Murphy was born July 7, 1850, in New York City, New York.

He joined the United States Marine Corps in 1873 and fought in several wars, including the Spanish–American War and World War I. In 1893 he commanded the Marine detachment that guarded the exhibits for the World's Columbian Exposition in Chicago, Illinois. The naval exhibit contained items that were loaned by the United States Department of State and other foreign governments for display.

In 1894 Commandant of the Marine Corps Colonel Heywood appointed Captain Murphy to lead the Marine Corps School of Application. Murphy started this assignment March 8, 1894 and on May 3, 1894, the school graduated its third class of officers and second class of noncommissioned officers.

On October 10, 1910, he retired as a colonel on his own request, but returned to active duty from April 1917 to June 1920 during World War I.

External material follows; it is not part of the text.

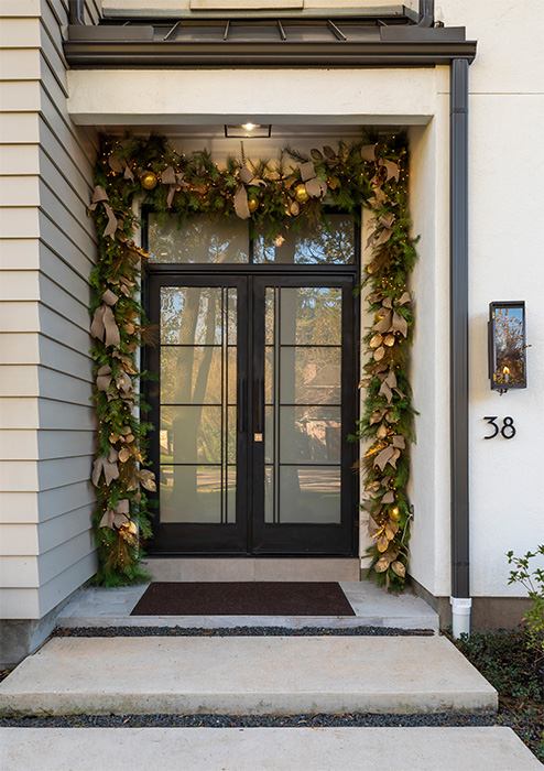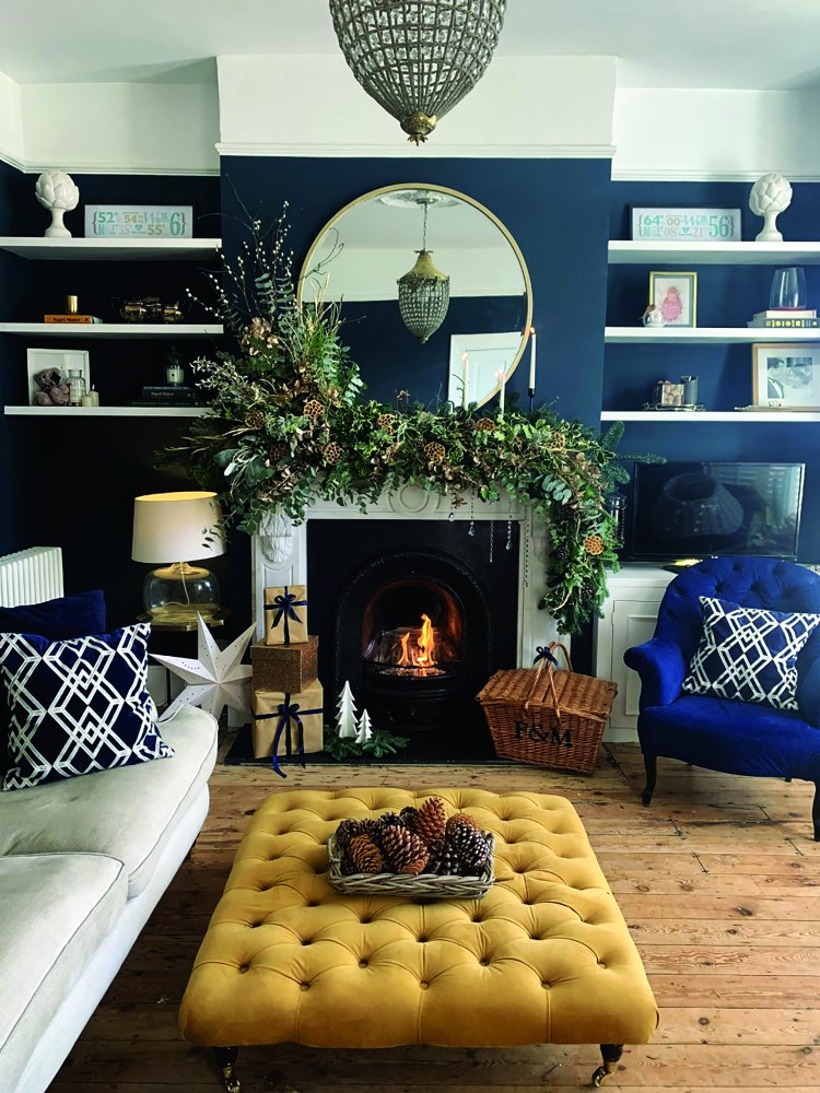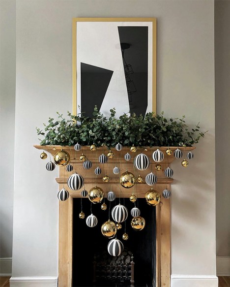 In an embrace of the coziness of shorter days and time spent indoors together, this look is all about celebrating the natural bounty of wintertime in an exaggerated way. Displayed here by U.K.-based designers Sam & Jenny, we see an impressive crescent of evergreens, dried foliages and textural seed pods atop the mantelpiece. To unlock this aesthetic, understand that more is more. Lean into using a variety of greenery and putting in the time to assemble truly custom looks. Winterberries, pine cones, dried citrus slices and kraft-paper wrappings are all welcome additions.

He died November 9, 1931, in Brooklyn, New York, and is buried in Evergreen Cemetery Brooklyn, New York.

==Marine Corps Brevet Medal citation==

===Secretary of the Navy citation===
Citation
The Secretary of the Navy takes pleasure in transmitting to Captain Paul St. Clair Murphy, United States Marine Corps, the Brevet Medal which is awarded in accordance with Marine Corps Order No. 26 (1921), for gallant service as Fleet Marine Officer, North Atlantic Fleet, in the naval battle of Santiago, Cuba, on 3 July 1898. On 10 August 1898, Captain Murphy is appointed Major, by brevet, to rank from 3 July 1898.